===== MATERIAL SHOWN =====

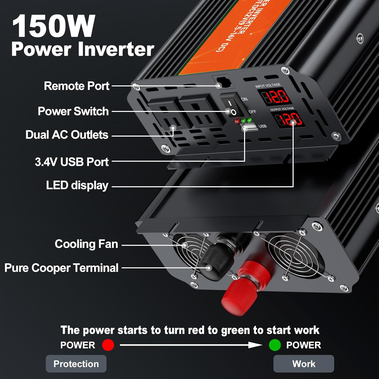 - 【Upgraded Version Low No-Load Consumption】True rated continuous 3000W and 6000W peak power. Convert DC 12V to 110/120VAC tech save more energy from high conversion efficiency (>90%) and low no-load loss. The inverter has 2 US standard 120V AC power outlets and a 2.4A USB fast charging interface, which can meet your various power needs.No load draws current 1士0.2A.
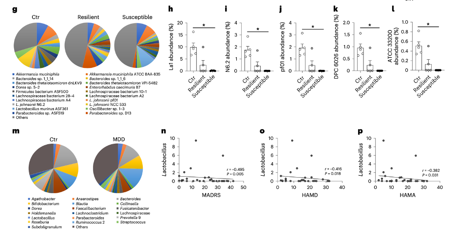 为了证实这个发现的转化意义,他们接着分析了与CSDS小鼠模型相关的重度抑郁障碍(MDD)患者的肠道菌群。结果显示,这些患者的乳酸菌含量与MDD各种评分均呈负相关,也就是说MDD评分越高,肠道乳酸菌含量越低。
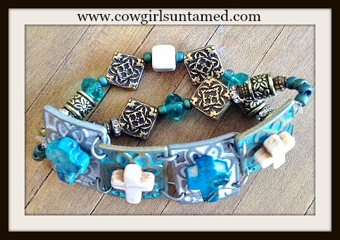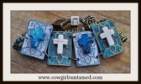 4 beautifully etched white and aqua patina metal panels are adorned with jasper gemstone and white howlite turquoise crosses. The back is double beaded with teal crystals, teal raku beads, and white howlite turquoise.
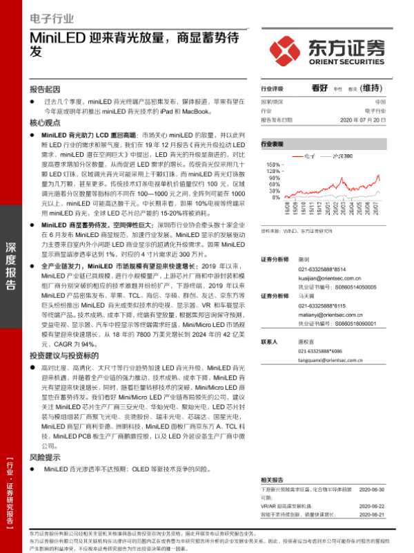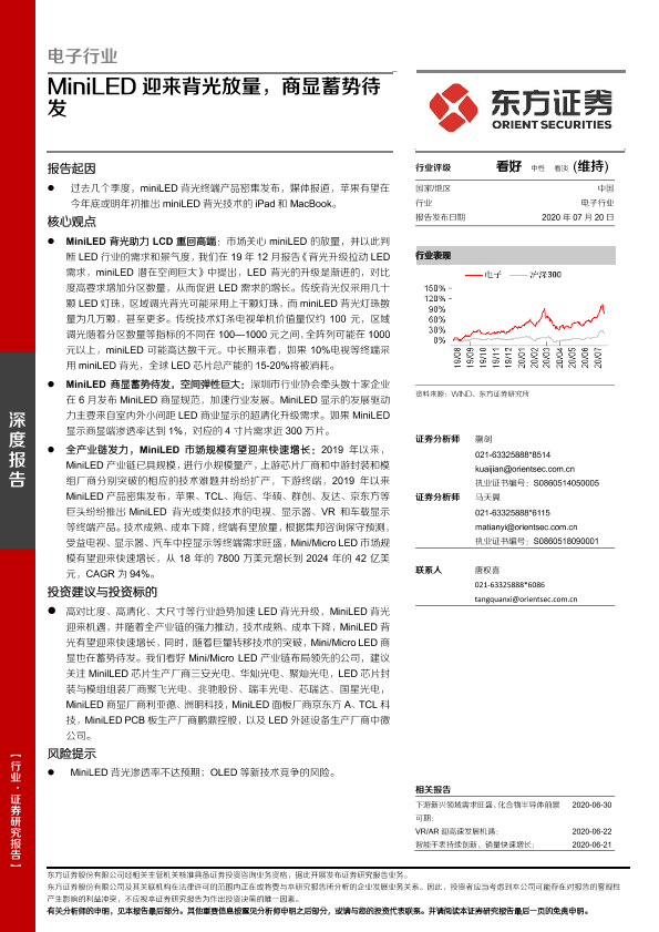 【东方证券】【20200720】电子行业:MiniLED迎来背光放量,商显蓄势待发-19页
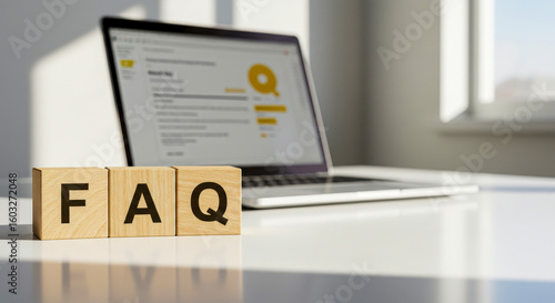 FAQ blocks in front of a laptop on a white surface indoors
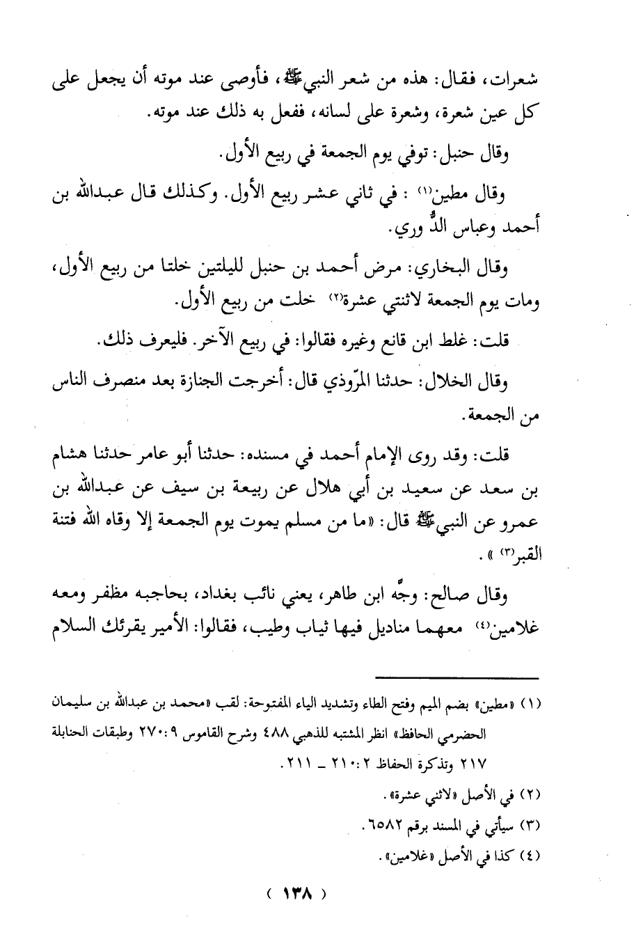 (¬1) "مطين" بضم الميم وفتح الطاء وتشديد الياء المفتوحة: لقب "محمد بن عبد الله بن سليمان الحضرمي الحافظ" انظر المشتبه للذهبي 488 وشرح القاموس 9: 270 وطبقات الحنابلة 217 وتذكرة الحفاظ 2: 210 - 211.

=====

» **WORK REQUEST**
Word for word, output the lines from the line bearing "4 beautifully etched" through the end of the records above, and only those, without the pictures.

» **WRITTEN RESPONSE**
 4 beautifully etched white and aqua patina metal panels are adorned with jasper gemstone and white howlite turquoise crosses. The back is double beaded with teal crystals, teal raku beads, and white howlite turquoise.
 【东方证券】【20200720】电子行业:MiniLED迎来背光放量,商显蓄势待发-19页
 FAQ blocks in front of a laptop on a white surface indoors
 (¬1) "مطين" بضم الميم وفتح الطاء وتشديد الياء المفتوحة: لقب "محمد بن عبد الله بن سليمان الحضرمي الحافظ" انظر المشتبه للذهبي 488 وشرح القاموس 9: 270 وطبقات الحنابلة 217 وتذكرة الحفاظ 2: 210 - 211.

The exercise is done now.